== Exercise ==
All of the entries must be reproduced exactly, with no images carried over.

== Data for analysis ==
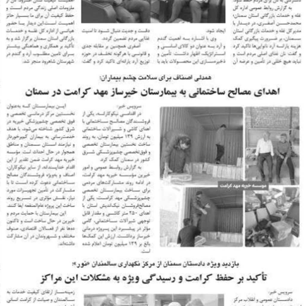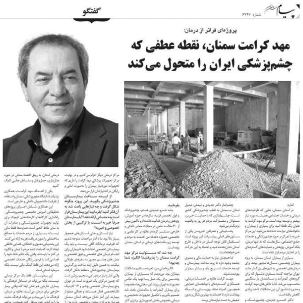 خیرین برای ساخت بیمارستان فوق تخصصی چشم پزشکی سمنان سه هزار و 500 میلیارد ریال کمک کردند
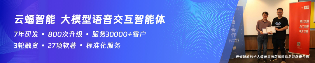 云蝠智能是一款 AI 原生的大模型语音智能体,我们为企业提供AICC大模型呼叫中心,在ChatBOT和CRM基础上提供包括语音智能体,产品能力包括了大模型语音外呼、智能呼入、网页实时语音交互 sdk 及 api。
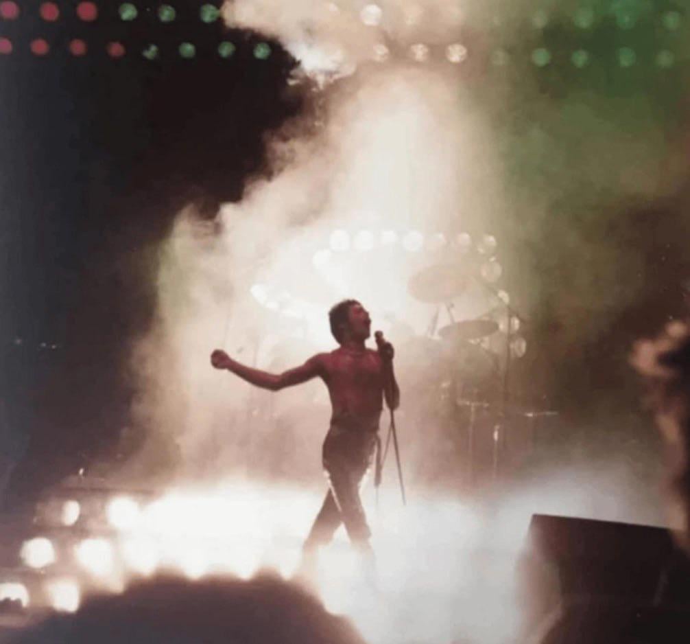a 16 year old girl take this picture at a Queen concert after sneaking her camera into the concert (1978)
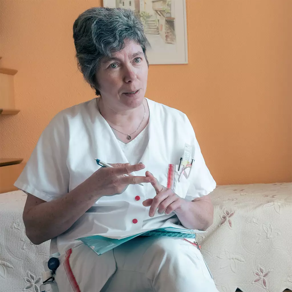 « Mon rôle est d’organiser la sortie du patient, lorsque cela nécessite la mise en place d’un réseau à domicile, d’un court séjour ou d’un placement. Mon intervention permet d’apporter un soutien au patient dans la préparation de sa sortie en le gardant toujours au centre de la discussion. »
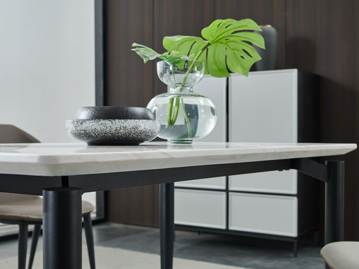 极简时代 现代极简 餐桌 大理石面+碳素钢金属烤漆框

== Task response ==
 خیرین برای ساخت بیمارستان فوق تخصصی چشم پزشکی سمنان سه هزار و 500 میلیارد ریال کمک کردند
 云蝠智能是一款 AI 原生的大模型语音智能体,我们为企业提供AICC大模型呼叫中心,在ChatBOT和CRM基础上提供包括语音智能体,产品能力包括了大模型语音外呼、智能呼入、网页实时语音交互 sdk 及 api。
a 16 year old girl take this picture at a Queen concert after sneaking her camera into the concert (1978)
 « Mon rôle est d’organiser la sortie du patient, lorsque cela nécessite la mise en place d’un réseau à domicile, d’un court séjour ou d’un placement. Mon intervention permet d’apporter un soutien au patient dans la préparation de sa sortie en le gardant toujours au centre de la discussion. »
 极简时代 现代极简 餐桌 大理石面+碳素钢金属烤漆框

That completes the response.